Below are the entries to work from; restate word for word the portion that opens with the line containing "2021年11月25日,在河" and closes with the line containing "Príznak známy ako", keeping both.

> Data excerpts
===============

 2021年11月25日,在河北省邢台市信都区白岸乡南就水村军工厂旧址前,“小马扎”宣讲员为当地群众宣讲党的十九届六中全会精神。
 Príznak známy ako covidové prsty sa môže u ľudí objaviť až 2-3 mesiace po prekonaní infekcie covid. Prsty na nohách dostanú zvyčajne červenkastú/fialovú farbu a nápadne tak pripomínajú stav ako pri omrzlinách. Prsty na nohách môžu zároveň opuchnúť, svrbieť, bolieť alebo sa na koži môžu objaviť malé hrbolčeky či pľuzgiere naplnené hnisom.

===============

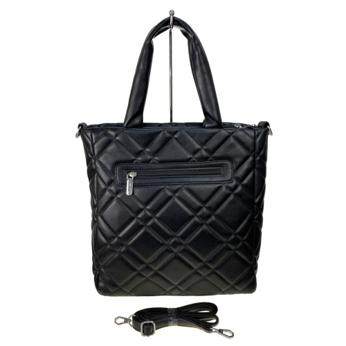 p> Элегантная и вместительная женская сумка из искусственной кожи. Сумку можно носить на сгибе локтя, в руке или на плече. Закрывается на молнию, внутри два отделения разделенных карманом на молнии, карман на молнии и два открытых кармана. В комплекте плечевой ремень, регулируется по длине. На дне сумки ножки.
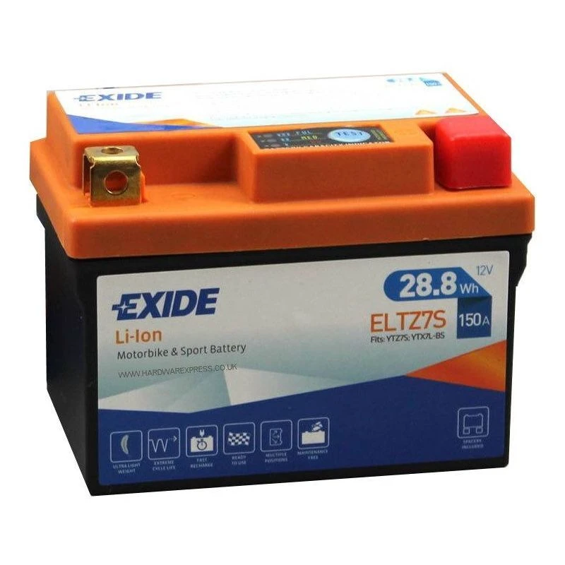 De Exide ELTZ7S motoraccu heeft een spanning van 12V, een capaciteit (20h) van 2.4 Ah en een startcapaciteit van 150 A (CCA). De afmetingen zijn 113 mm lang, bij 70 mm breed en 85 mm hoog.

===============

> Written answer
 2021年11月25日,在河北省邢台市信都区白岸乡南就水村军工厂旧址前,“小马扎”宣讲员为当地群众宣讲党的十九届六中全会精神。
 Príznak známy ako covidové prsty sa môže u ľudí objaviť až 2-3 mesiace po prekonaní infekcie covid. Prsty na nohách dostanú zvyčajne červenkastú/fialovú farbu a nápadne tak pripomínajú stav ako pri omrzlinách. Prsty na nohách môžu zároveň opuchnúť, svrbieť, bolieť alebo sa na koži môžu objaviť malé hrbolčeky či pľuzgiere naplnené hnisom.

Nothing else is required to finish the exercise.